Benefits for this workout design:
- HIDIT has the advantage of quickly stimulating oxygen uptake at the beginning.
- Time at 90% VO2peak can be significantly longer in HIDIT, compared to a steady short interval design.
- Time to exhaustion is comparable between methods.
- Fewer speed or resistance changes on the workout equipment.

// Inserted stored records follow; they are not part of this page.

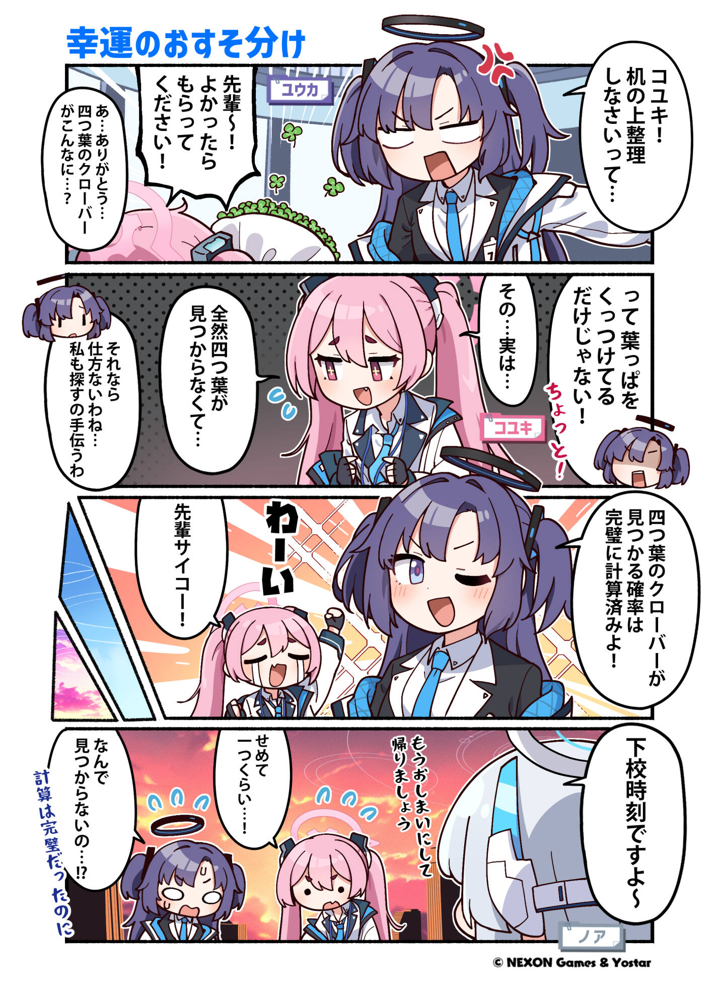 コユキに貰った四つ葉を永久保存するユウカ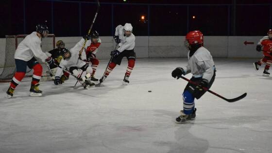 Юные хоккеисты провели вечерний хоккейный матч на юге Москвы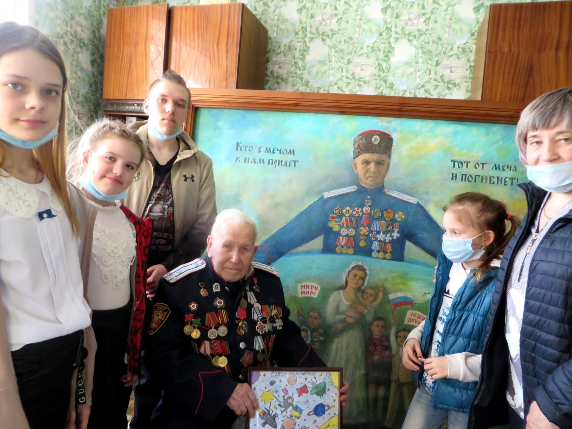 Осознавая значимость и масштаб праздника, ребята решили лучший рисунок подарить подшефному ветерану Красенкову Алексею Ивановичу, навестив его накануне годовщины важного события в жизни страны.
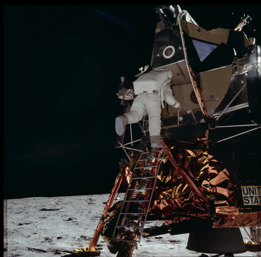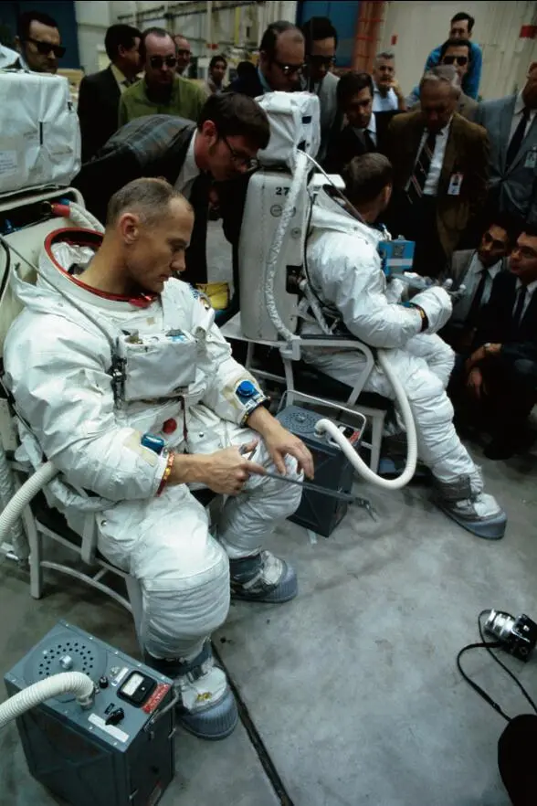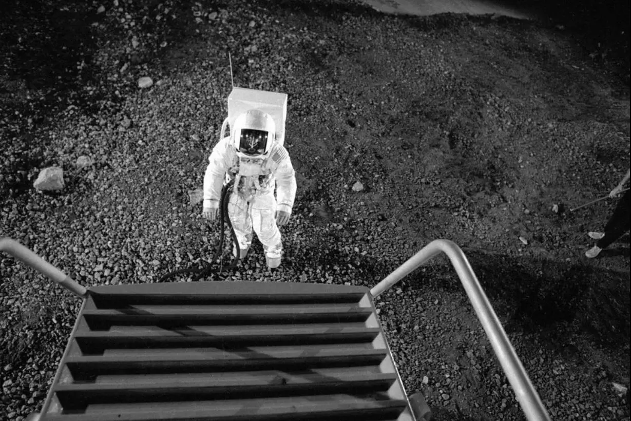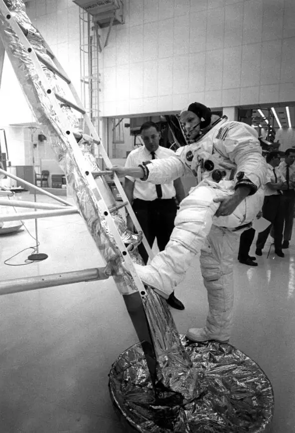 */7、尼尔·阿姆斯特朗(Neil Armstrong)在练习返回阿波罗登月舱的第一级阶梯。

- Can be done at lower % of VO2max to build up blood lactate (capillary) tolerance for HIIT newcomers.

Chapters:
0:00 5 Minutes Warm-Up
5:16 3 Minutes Work! - Interval 1/6
8:21 3 Minutes Recovery
11:21 2:30 Minutes Work! - Interval 2/6
13:51 2:30 Minutes Recovery
16:21 2 Minutes Work! - Interval 3/6
18:21 2 Minutes Recovery
20:21 90 Seconds Work! - Interval 4/6
21:49 90 Seconds Recovery
23:21 60 Seconds Work! - Interval 5/6
24:21 60 Seconds Recovery
25:21 45 Seconds Work! - Interval 6/6
26:21 5 Minutes Cool-Down

Thanks for watching, and stay healthy!